分类专栏：机器学习实战 project 文章标签：推荐系统协同过滤

本文链接：https://blog.csdn.net/qq_38016957/article/details/93323453

版权

project 同时被 2 个专栏收录

10 篇文章 0 订阅

订阅专栏

机器学习实战

7 篇文章 0 订阅

订阅专栏

推荐系统

音乐数据处理
基于商品相似性的推荐
基于SVD矩阵分解的推荐

1、数据概况：

在数据中有用户，歌曲，播放量，以下为数据记录总量
shape：(48373586, 3)
memory usage: 1.1+ GB

2、数据处理：

（1）对每一个用户，分别统计播放总量

key：用户
value：播放量
查询该用户是否在字典中，若在则更新value，否则新用户加入字典

数据中会存在很多惰性用户，行为量很少，可能会对拉低结果的平均效果，所以需要对播放量排序，筛选

output_dict = {}
with open(data_home+'train_triplets.txt') as f:
    for line_number, line in enumerate(f):
        user = line.split('\t')[0]
        play_count = int(line.split('\t')[2])
        if user in output_dict:
            play_count +=output_dict[user]
            output_dict.update({user:play_count})
        output_dict.update({user:play_count})
output_list = [{'user':k,'play_count':v} for k,v in output_dict.items()]
play_count_df = pd.DataFrame(output_list)
play_count_df = play_count_df.sort_values(by = 'play_count', ascending = False)

（2）对于每一首歌，分别统计播放总量

分别统计它的播放总量，与上面相同的做法

（3）滤去惰性用户、音乐

用户：按大小排好序，取一部分用户的作为我们的实验数据
依据：前n个用户播放量总和 / 音乐全部的播放量总和 = 前n个用户行为占全部用户行为的百分比
取个百分比的阈值即可滤去惰性用户

total_play_count = sum(song_count_df.play_count)
print ((float(play_count_df.head(n=100000).play_count.sum())/total_play_count)*100)
play_count_subset = play_count_df.head(n=100000)

取数据：取10W个用户，3W首歌

user_subset = list(play_count_subset.user)
song_subset = list(song_count_subset.song)

对原文件过滤：

triplet_dataset = pd.read_csv(filepath_or_buffer=data_home+'train_triplets.txt',sep='\t', 
                              header=None, names=['user','song','play_count'])
triplet_dataset_sub = triplet_dataset[triplet_dataset.user.isin(user_subset) ]
del(triplet_dataset)
triplet_dataset_sub_song = triplet_dataset_sub[triplet_dataset_sub.song.isin(song_subset)]
del(triplet_dataset_sub)

（3）加入音乐详细信息

音乐详细信息存在数据库中，首先连接数据库，将正常用户的信息提取出来，并转成csv文件。
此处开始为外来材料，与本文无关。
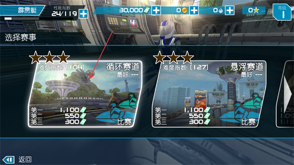 2、进入赛事选择界面后,可挑选循环赛道等赛事,不同赛道对应不同难度指数与奖励,点击赛道旁的比赛按钮即可开启对应赛事。

conn = sqlite3.connect(data_home+'track_metadata.db')
cur = conn.cursor()
cur.execute("SELECT name FROM sqlite_master WHERE type='table'")
cur.fetchall()

track_metadata_df = pd.read_sql(con=conn, sql='select * from songs')
track_metadata_df_sub = track_metadata_df[track_metadata_df.song_id.isin(song_subset)]

得到详细信息之后，将详细信息表和用户表通过歌名merge，并清除无用信息，得到最终数据。
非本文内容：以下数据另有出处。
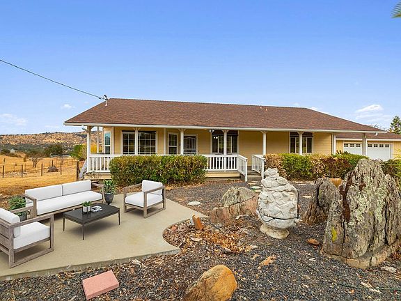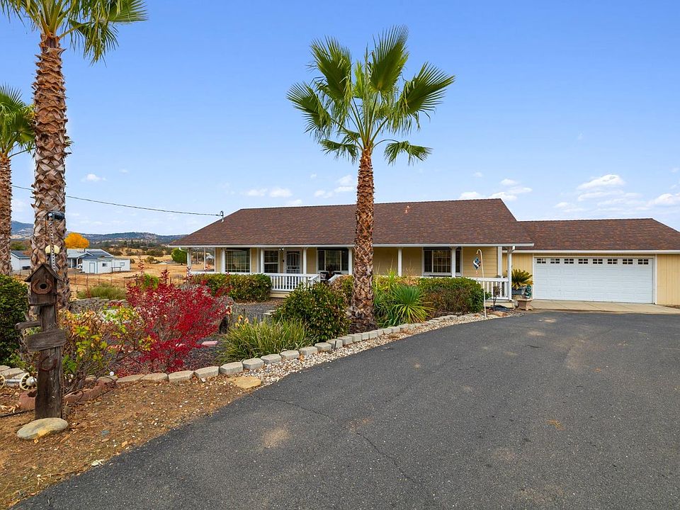 Escape to Your Country Paradise! Welcome to your perfect rural retreat, tucked away at the end of a tranquil road in the Copper Cove Subdivision. This fully fenced, level acre offers limitless opportunities; whether you dream of keeping a horse or other animals, gardening, homesteading, enjoying outdoor play, ATV riding, or parking your RVs, boats, and toys with ease. The home is ideally set back on the property behind a gated entry, accessed via a paved driveway that ensures both privacy and convenience. Step inside to discover a spacious, sunlit interior with vaulted ceilings and an airy, open layout. Oversized windows invite natural light to flood every corner, creating a warm and welcoming ambiance. The living area seamlessly connects to the dining space and a generous kitchen overlooking the backyard and screened-in porch; perfect for enjoying your morning coffee or evening gatherings. The expansive primary suite, tucked behind double doors, offers a private sanctuary with backyard access, a spacious en-suite featuring double sinks, a walk-in shower, and a sprawling walk-in closet with mirrored doors. Two additional guest bedrooms boast ample closet space and delightful views of the landscaped front yard. A guest bath, complete with a tub, shower, and vanity, is conveniently situated between. At the end of the hallway, you'll find extra storage and easy access to the oversized garage. With its bright windows, the garage offers endless versatilityideal for a workshop, home gym, or secure storage for your prized vehicles and equipment. The separately fenced backyard area is perfect for keeping pets or children safe while you enjoy outdoor living. In the front yard, a concrete area makes a perfect sitting or BBQ area, or relax and enjoy the sunsets from the expansive covered front porch! A solar power-purchase agreement offers great savings from typical PG&E rates! Buyers may benefit from this home having an assumable VA loan with a 3.4% interest rate. As part of the Copper Cove community, you'll have access to exceptional amenities like horse riding trails, Blackcreek Park's 7-acre recreational area (complete with a clubhouse, playground, gym, frisbee golf and sports facilities), and exclusive Kiva amenities such as a boat launch, day-use docks, swimming area, BBQ pits and shaded picnic gazebo. Located just minutes from Town Square, premier golf courses, and HWY 4, this property offers the best of Sierra Foothills living where natural beauty and adventure await. The good life begins here!

del(track_metadata_df_sub['track_id'])
del(track_metadata_df_sub['artist_mbid'])
track_metadata_df_sub = track_metadata_df_sub.drop_duplicates(['song_id'])
triplet_dataset_sub_song_merged = pd.merge(triplet_dataset_sub_song, track_metadata_df_sub, how='left', left_on='song', right_on='song_id')
triplet_dataset_sub_song_merged.rename(columns={'play_count':'listen_count'},inplace=True)

del(triplet_dataset_sub_song_merged['song_id'])
del(triplet_dataset_sub_song_merged['artist_id'])
del(triplet_dataset_sub_song_merged['duration'])
del(triplet_dataset_sub_song_merged['artist_familiarity'])
del(triplet_dataset_sub_song_merged['artist_hotttnesss'])
del(triplet_dataset_sub_song_merged['track_7digitalid'])
del(triplet_dataset_sub_song_merged['shs_perf'])
del(triplet_dataset_sub_song_merged['shs_work'])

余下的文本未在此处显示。